The geo-reference bounding box is based on the assumption that image is aligned to geographic coordinates, so that moving up in the image corresponds to moving exactly north. We expect that error in the relative location of pixels within an image introduced by this assumption is much less than the pixel resolution.

Limitations

  1. Any stitched image introduces new artifacts into the image data; it always introduces edges at the boundary of where one image turns into another --- either an explicitly black line boundary or an implicit boundary that is there because you can't exactly stitch images of a complicated 3D world (without making a full 3D model). Even if you could stitch them, the same bit of the world is usually a different brightness when viewed from different directions.
  2. The stitched full field image may have artifacts that arise from harsh shadows in some imaging conditions.
  3. One of the artifacts is duplication of area, this is unavoidable without a much more complex stitching algorithm that implicitly infers the 3D structure of the ground. The justification for not going for such a rich representation is that:
  4. for the plants, since they move, it would be impossible not to have artifacts at the edges of the image, and
  5. for the ground, we judged that small stitching errors were not worth the (substantial) additional effort to build the more complete model.

Failure Conditions

  • If the camera is moved in the gantry box, then the magic numbers may have to be recalculated or experimentally determined.

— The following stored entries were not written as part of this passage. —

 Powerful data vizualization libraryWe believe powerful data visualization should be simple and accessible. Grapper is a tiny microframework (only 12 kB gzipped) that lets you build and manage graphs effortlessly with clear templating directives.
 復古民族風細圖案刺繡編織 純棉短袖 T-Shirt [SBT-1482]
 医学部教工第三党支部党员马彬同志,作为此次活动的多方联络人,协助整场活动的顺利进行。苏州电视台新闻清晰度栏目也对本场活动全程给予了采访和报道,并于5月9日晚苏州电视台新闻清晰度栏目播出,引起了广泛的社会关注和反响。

  • If the camera is not aligned north-south, then the geo-bounding box may not be accurate.

Application

Files

  • Dockerfile: defines docker image with all dependencies
  • batch_launcher.sh: used to submit jobs on ROGER cluster
  • bin_to_geotiff.py:
  • terra_bin2tif.py: extractor (wrapper for bin_to_geotiff.py)
  • entrypoint.sh, extractor_info.json, terra.bin2tif.service: Clowder utilities

Docker

The Dockerfile included in this directory can be used to launch this extractor in a docker container.

Building the Docker image

docker build -f Dockerfile -t terra-ext-bin2tif .

Running the image locally

docker run \
  -p 5672 -p 9000 --add-host="localhost:{LOCAL_IP}" \
  -e RABBITMQ_URI=amqp://{RMQ_USER}:{RMQ_PASSWORD}@localhost:5672/%2f \
  -e RABBITMQ_EXCHANGE=clowder \
  -e REGISTRATION_ENDPOINTS=http://localhost:9000/clowder/api/extractors?key={SECRET_KEY} \
  terra-ext-bin2tif

Note: by default RabbitMQ will not allow "guest:guest" access to non-local addresses, which includes Docker. You may need to create an additional local RabbitMQ user for testing.

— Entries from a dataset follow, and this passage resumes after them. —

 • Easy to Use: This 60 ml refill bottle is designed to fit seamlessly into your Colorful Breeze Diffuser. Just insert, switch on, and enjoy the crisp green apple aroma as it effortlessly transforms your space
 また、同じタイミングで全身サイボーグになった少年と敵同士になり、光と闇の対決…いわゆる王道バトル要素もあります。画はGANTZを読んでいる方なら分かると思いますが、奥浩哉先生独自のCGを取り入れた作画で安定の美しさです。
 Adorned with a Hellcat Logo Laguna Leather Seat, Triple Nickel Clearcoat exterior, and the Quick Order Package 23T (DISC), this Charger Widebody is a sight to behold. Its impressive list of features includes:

Running the image remotely

docker run \
  -e RABBITMQ_URI=amqp://{RMQ_USER}:{RMQ_PASSWORD}@rabbitmq.ncsa.illinois.edu/clowder \
  -e RABBITMQ_EXCHANGE=terra \
  -e REGISTRATION_ENDPOINTS=http://terraref.ncsa.illinosi.edu/clowder//api/extractors?key={SECRET_KEY} \
  terra-ext-bin2tif

Cluster Computing with TORQUE/PBS

The extractor can also be run on a compute cluster via the TORQUE/PBS batch system. These instructions are for use on ROGER.

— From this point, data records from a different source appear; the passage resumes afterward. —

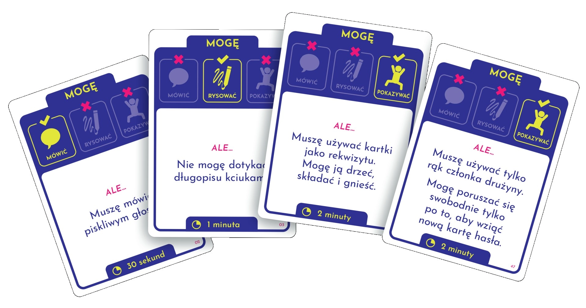 - 200 kart z hasłami i 55 kart wyzwań dla ogromnej różnorodności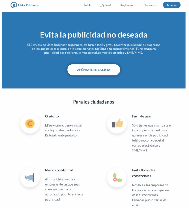 Así que si estas cansado de recibir llamadas en casa a horas intempestivas ofreciéndote productos y servicios que no te interesan… esta es la lista en la que tienes que estar.
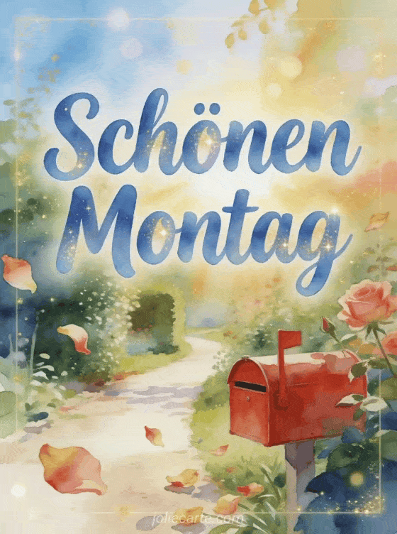 Teile schönen Montag mit einem fröhlichen Aquarell-Gartenweg bei Sonnenaufgang, einem roten Briefkasten, treibenden alten Rosenblättern und sanftem Goldfunkeln. Du kannst auch schönen montag schöne bilder, ein Schönen Montag warmes Bild oder ein Schönen Montag und schöne Woche animiertes Gif Gif senden.
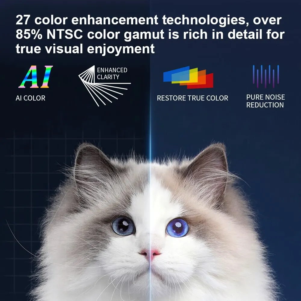 Le projecteur offre un écran de 150 pouces, avec une distance de projection optimale de 1,68 mètre. Sa portabilité le rend également idéal pour une utilisation en extérieur. Sa CPU puissante et sa mémoire de 64 Go permettent à votre appareil de fonctionner plus facilement, avec plus de téléchargements et d’installation d’applications. Il dispose également de 27 technologies d’amélioration de la couleur, offrant une gamme de couleurs riche en détails pour une expérience visuelle agréable. L’entrée HDMI permet à tous vos appareils HD de participer au plaisir de la projection. Enfin, le réglage électrique de la distance de focalisation facilite la mise au point du projecteur.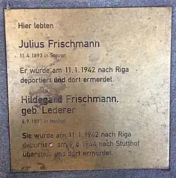 4. Okt. 2018 | Nach der Zwangsumsiedlung in Wien wurden Julius und Hildegard Frischmann nach Riga deportiert. Hildegards wurde später nach Stutthof überstellt. Beide wurden im Holocaust ermordet[17] |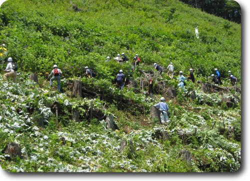 この活動は、自治体、発注者、施工業者、森林業者の四者が連携して、建物に使用した木材伐採跡地の森林再生を目指すという、全国でも稀な取り組みです。今回の下草刈り作業後には、下草に埋もれて隠れていた苗木が姿を現し、直接日光が当たるようになりました。
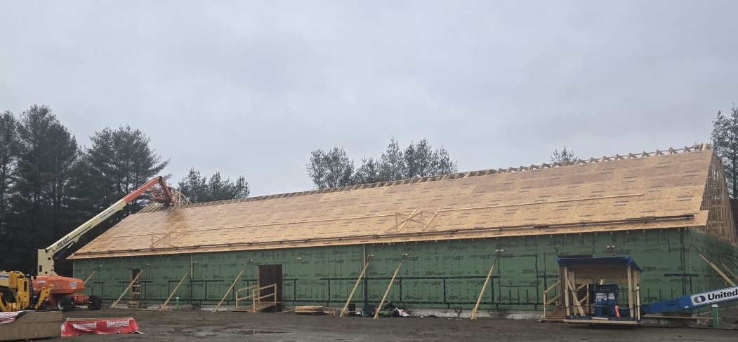 The roof on one side of the building is nearly complete and construction crews were working on the other side on Monday on County Way.
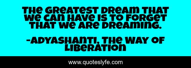 This page presents the quote "The greatest dream that we can have is to forget that we are dreaming.". Author of this quote is Adyashanti, The Way of Liberation. This quote is about dream, reality, wake-up, awakening, dreaming, waking-up, dreams,.

This process assumes that you are using the existing Python virtualenv under:

/projects/arpae/terraref/shared/extractors/pyenv/

This also uses a shared environment file for common settings:

/projects/arpae/terraref/shared/extractors/env.sh

The following default batch jobs will start 20 extractors on a single 20-core node:

qsub /projects/arpae/terraref/shared/extractors/extractors-stereo-rgb/bin2tif/batch_launcher.sh

Dependencies

  • All of the Python scripts syntactically support Python >= 2.7. Please make sure that the Python in the running environment is in appropriate version.

  • All the Python scripts also rely on the third-party library including: PIL, scipy, numpy and osgeo.